As shown in Table 2, steel grades 1-1 to 1-3 using Specimen 1 of Table 1 showed lower yield and tensile strengths because the content of carbon and manganese was smaller than the range proposed by the present invention. The yield and tensile strengths were lower in the case of less than 30% (steel grades 1-1 and 1-2) compared to the re-rolling rate of more than 30% (steel grades 1-3).

In addition, the steel grades 2-1 and 2-2 using the specimen 2 of Table 1 is the case that the aluminum is not added, even in this case it can be seen that the yield strength and tensile strength was not secured. Here, the yield and tensile strengths were lower in the case where the re-rolling rate was 30% or more (steel grade 2-2) and less than 30% (steel grade 2-1).

In addition, the steel grades 6-1 to 6-3 using the specimen 6 of Table 1 is a case where the content of manganese and silicon does not satisfy the range proposed in the present invention, the yield strength was low, even at this time re-rolling rate Yield strength and tensile strength were lower in less than 30% than in 30% or more.

Therefore, it can be seen from the above results, it is preferable to apply a re-rolling rate of 30% or more during re-rolling to secure excellent yield strength and tensile strength.

On the other hand, in the case of using the specimens satisfying all the component system proposed in the present invention (steel grades 3-1 to 5-4), both yield strength and tensile strength showed excellent values.

In addition, in order to determine the effect of the microstructure on the yield strength and tensile strength increase by re-rolling, the change in the microstructure before and after re-rolling using the invention steel 5 according to the present invention EBSD (Electron BackScattered Diffraction) Observed with, it is shown in FIG.
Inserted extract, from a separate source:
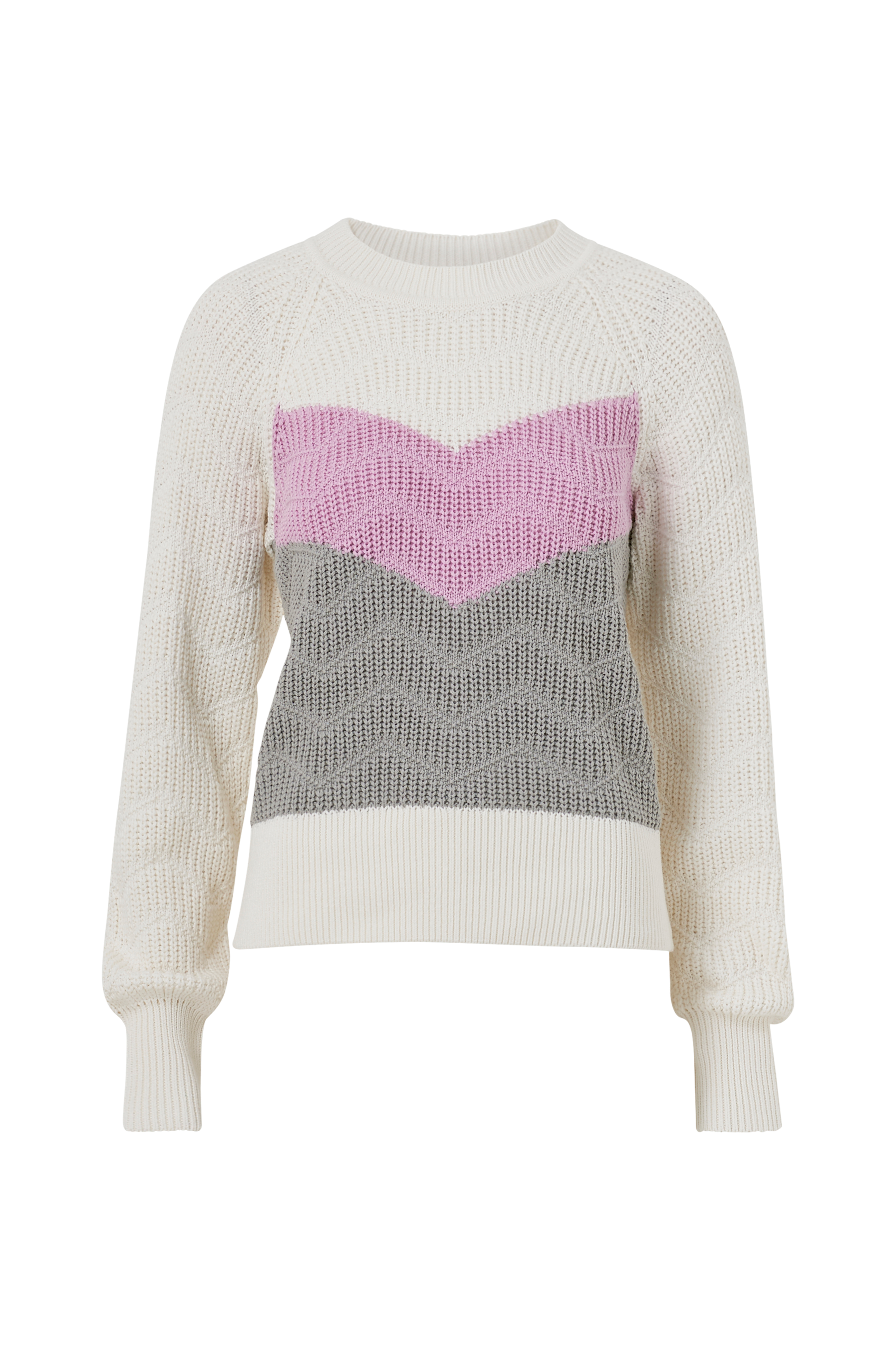 Tröja objRosa L/S Knit Pullover 110 från Object, strukturstickad med blockfärger fram. Bred ribb i nederkant och ärmslut.

As a result, as shown in FIG. 1, the aspect ratio of the grain in the rolling direction was about 1 before re-rolling, but the aspect ratio of the grain in the rolling direction after re-rolling was 2 or more, and the grain was 70% or more. It was. In addition, it was confirmed that the twin fraction increased by re-rolling. As described above, it can be interpreted that the tensile strength and the yield strength increase after rerolling as the aspect ratio of the grain in the rolling direction increases and the formation of twins increases due to the rerolling. Through this, even in the case of the other inventions, it can be determined that the tensile strength and the yield strength after re-rolling have excellent collision characteristics.

Therefore, the high manganese steel of the present invention can secure ultra high strength by re-rolling, and can secure excellent collision characteristics.

(Example 2)

The steel ingot having a component system as shown in Table 3 was maintained in a 1200 ° C. heating furnace for one hour, followed by hot rolling. At this time, the hot rolling finish temperature was set to 900 ℃, the winding was carried out at 650 ℃ after hot rolling. Thereafter, pickling was performed using the hot rolled steel sheet, and cold rolling was performed at a cold rolling rate of 50%. Thereafter, the cold rolled specimen was subjected to continuous annealing simulation heat treatment at an annealing temperature of 800 ° C. and an overaging temperature of 400 ° C. Further, after the continuous annealing simulation heat treatment of the cold rolled steel sheet under the same conditions as above, the hot dip galvanizing simulation test was performed by setting the temperature of the molten zinc bath to 460 ° C. In addition, the steel sheet continuously annealed in the same manner as described above was re-rolled by varying the re-rolling rate as shown in Table 4 below.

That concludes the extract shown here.